▶ [TASK DESCRIPTION]:
Below are entries. Give back exactly the lines from the one containing "Sebelum berangkat, ratusan" through the one containing "Гантель Summus неопреновая, 2", inclusive, without the pictures.

▶ [EXERCISE MATERIALS]:

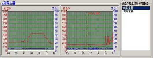 其节能能耗和排放效果也可通过能耗浊度曲线图反映:上图是A列电除尘能耗浊度曲线,红色曲线代表A列除尘器高压运行能耗趋势,蓝色曲线代表A列除尘器出口烟气浊度变化趋势,左边为1小时变化曲线,右边为24小时变化曲线。左边曲线显示了系统从节能模式到常规模式(不节能)、再到投入节能模式的一个变化过程,表明系统在工作模式的变化过程中浊度相对稳定,说明了节能模式的运行并没有影响除尘效果,节能有效。
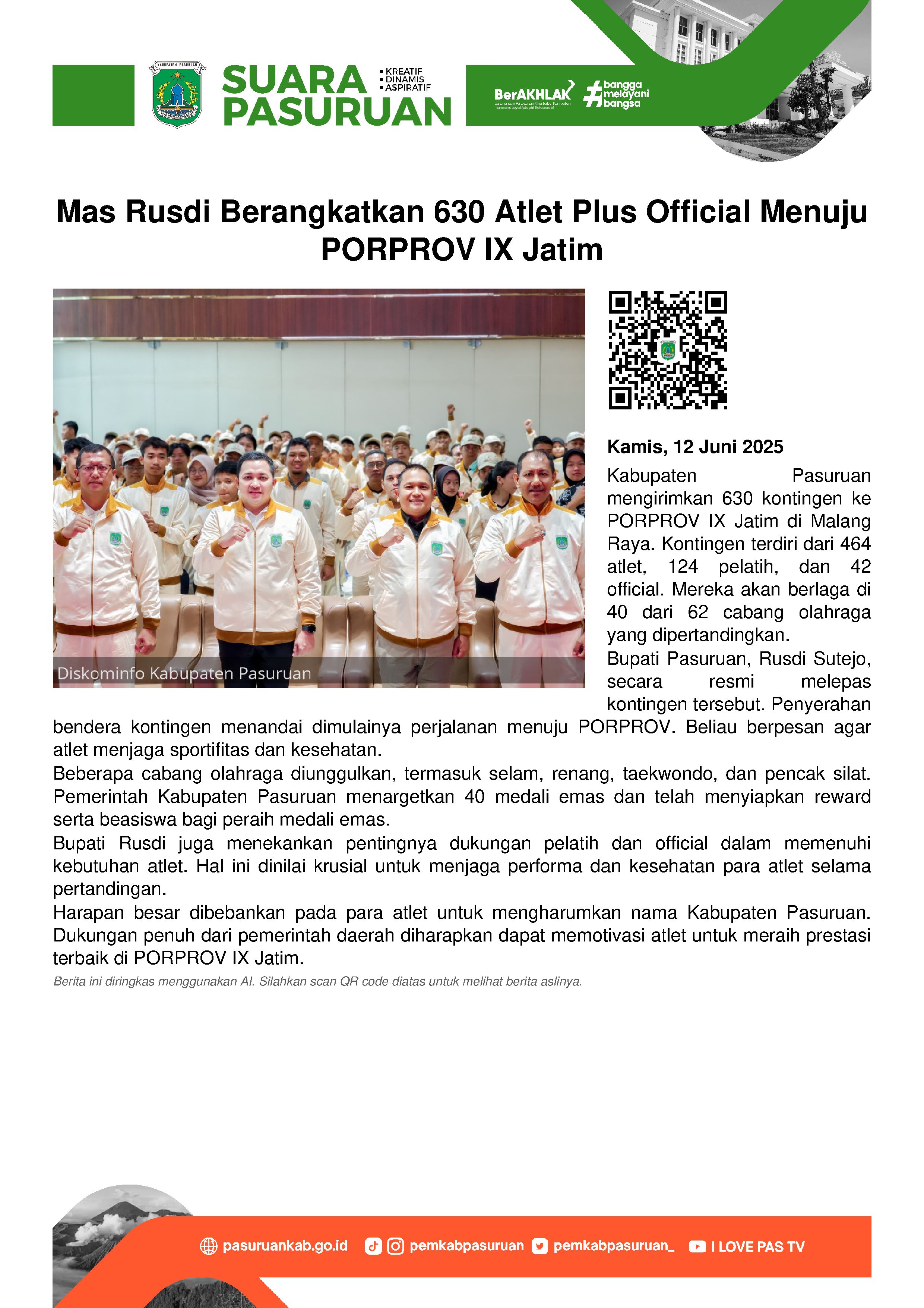 Sebelum berangkat, ratusan atlet plus pelatih dan official tersebut dilepas secara resmi oleh Bupati Pasuruan, Rusdi Sutejo dari Auditorium Mpu Sindok, Komplek Kantor Bupati Pasuruan, Kamis (12/6/2025) pagi.
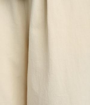 腰まわりは適度にゆったりと、裾はダーツを入れてすっきりバランスよくまとめたパンツ。素材の持つ風合いを活かしたシンプルな作りで、レイヤードスタイルや柄アイテムとの合わせにも活躍。ウエストは総ゴム&内紐つきです。
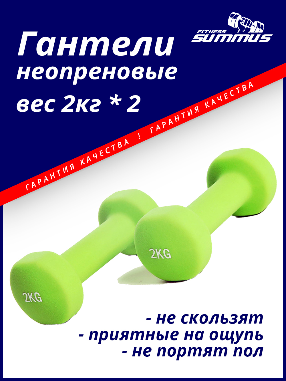 Гантель Summus неопреновая, 2 шт. по 2 кг, зеленый цвет
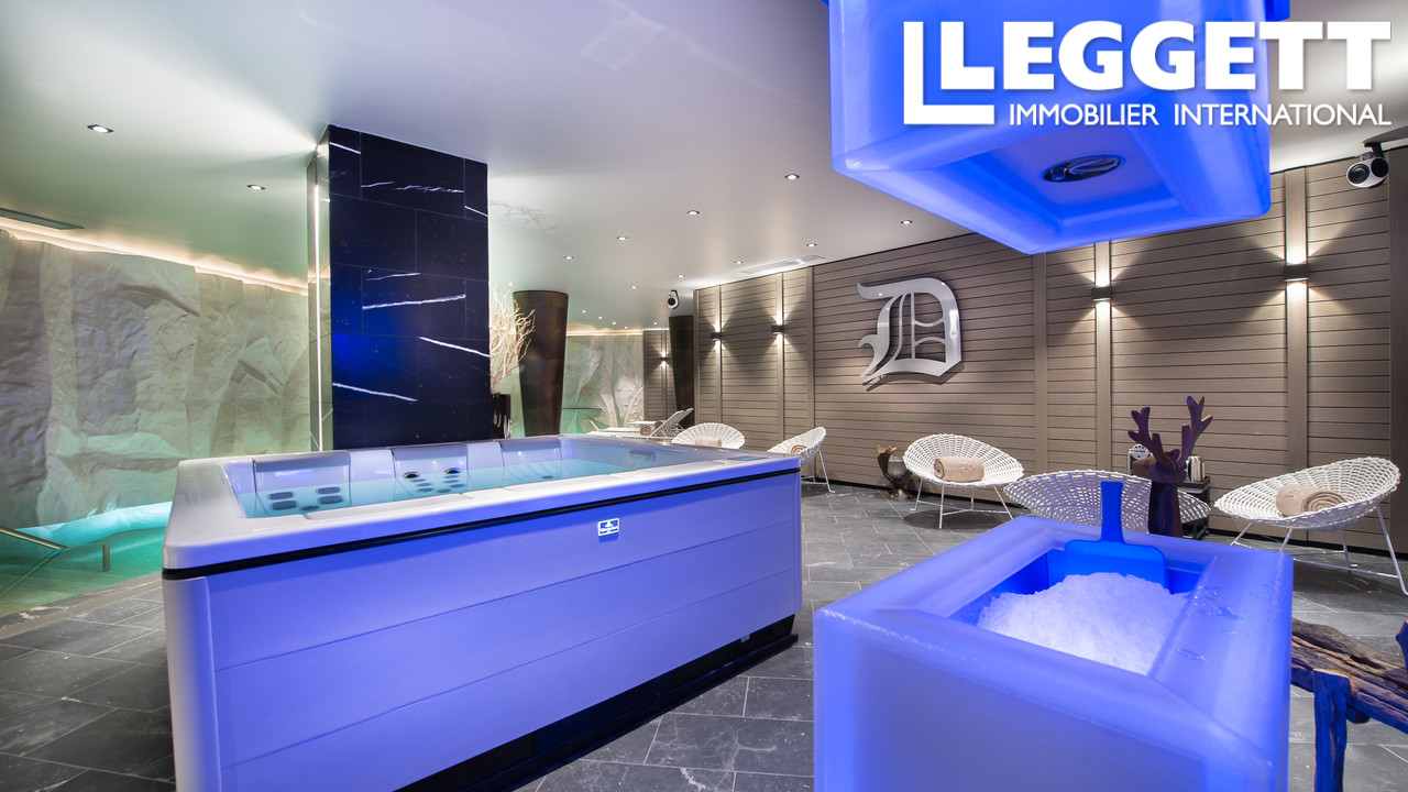 Un spa avec piscine, jacuzzi, sauna, hammam, salle de massage et salle de sport.
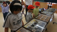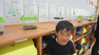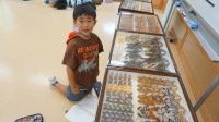 調理員の石曽根さんが提供してくれた蝶の標本を展示中です。珍しい蝶がたくさん展示してあり、子どもたちも興奮しています。中には、ノートに書き写す子もいました。
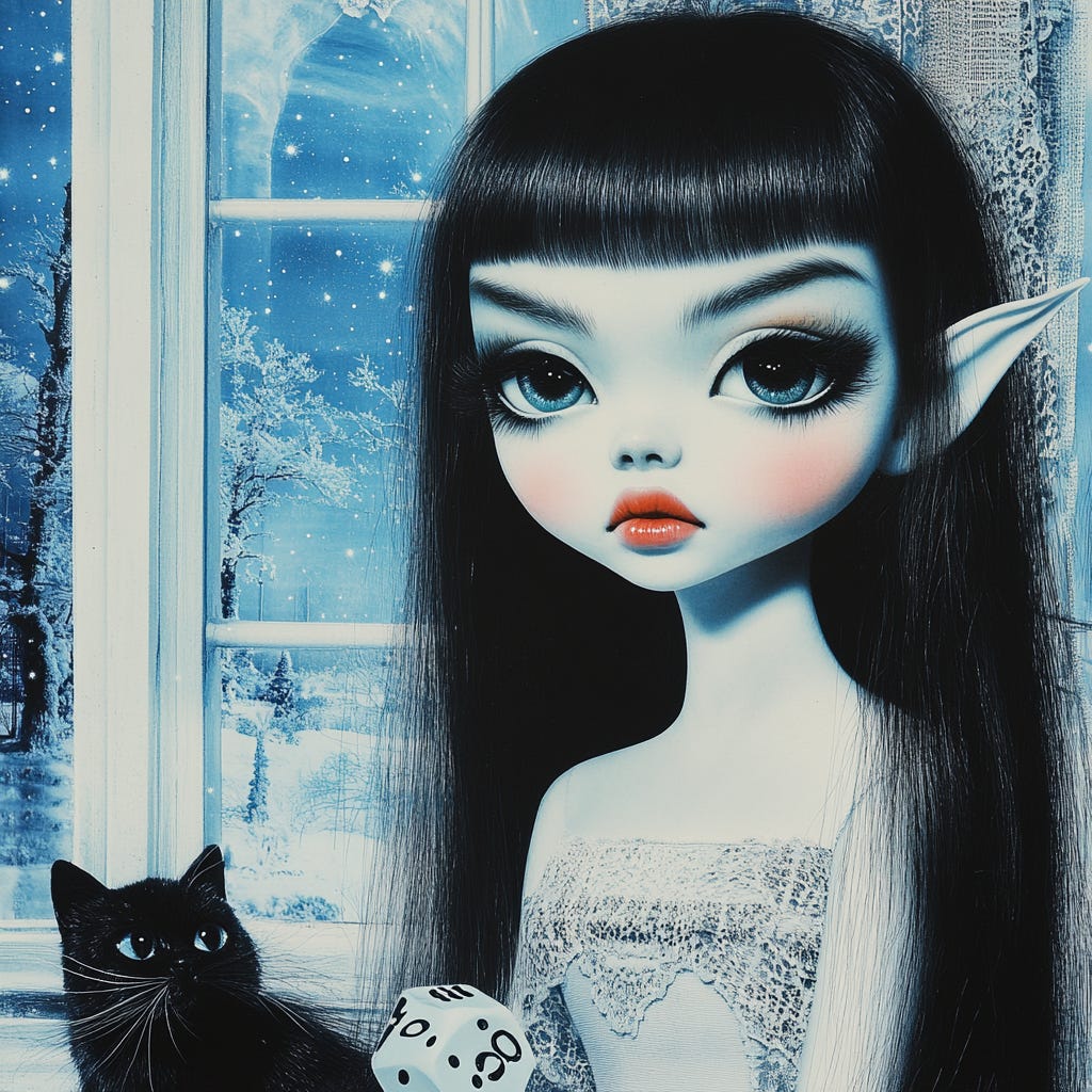 折騰半天,在手機亂打了一堆文字後,我終於又慢慢睡著。我夢到,如電變成了一個冰娃娃,從窗戶爬回她的屋。而黑貓苦娃則像個黑色尖牙的毛茸茸小哥布林,在一旁唱搖籃曲哄她睡著。一會兒後,貓也爬進了床,窩在冰冷的身軀旁,卻露出像在燃燒的火爐邊取暖的滿足神情。一人一貓,進入夢之鄉。

▶ [WRITTEN ANSWER]:
 Sebelum berangkat, ratusan atlet plus pelatih dan official tersebut dilepas secara resmi oleh Bupati Pasuruan, Rusdi Sutejo dari Auditorium Mpu Sindok, Komplek Kantor Bupati Pasuruan, Kamis (12/6/2025) pagi.
 腰まわりは適度にゆったりと、裾はダーツを入れてすっきりバランスよくまとめたパンツ。素材の持つ風合いを活かしたシンプルな作りで、レイヤードスタイルや柄アイテムとの合わせにも活躍。ウエストは総ゴム&内紐つきです。
 Гантель Summus неопреновая, 2 шт. по 2 кг, зеленый цвет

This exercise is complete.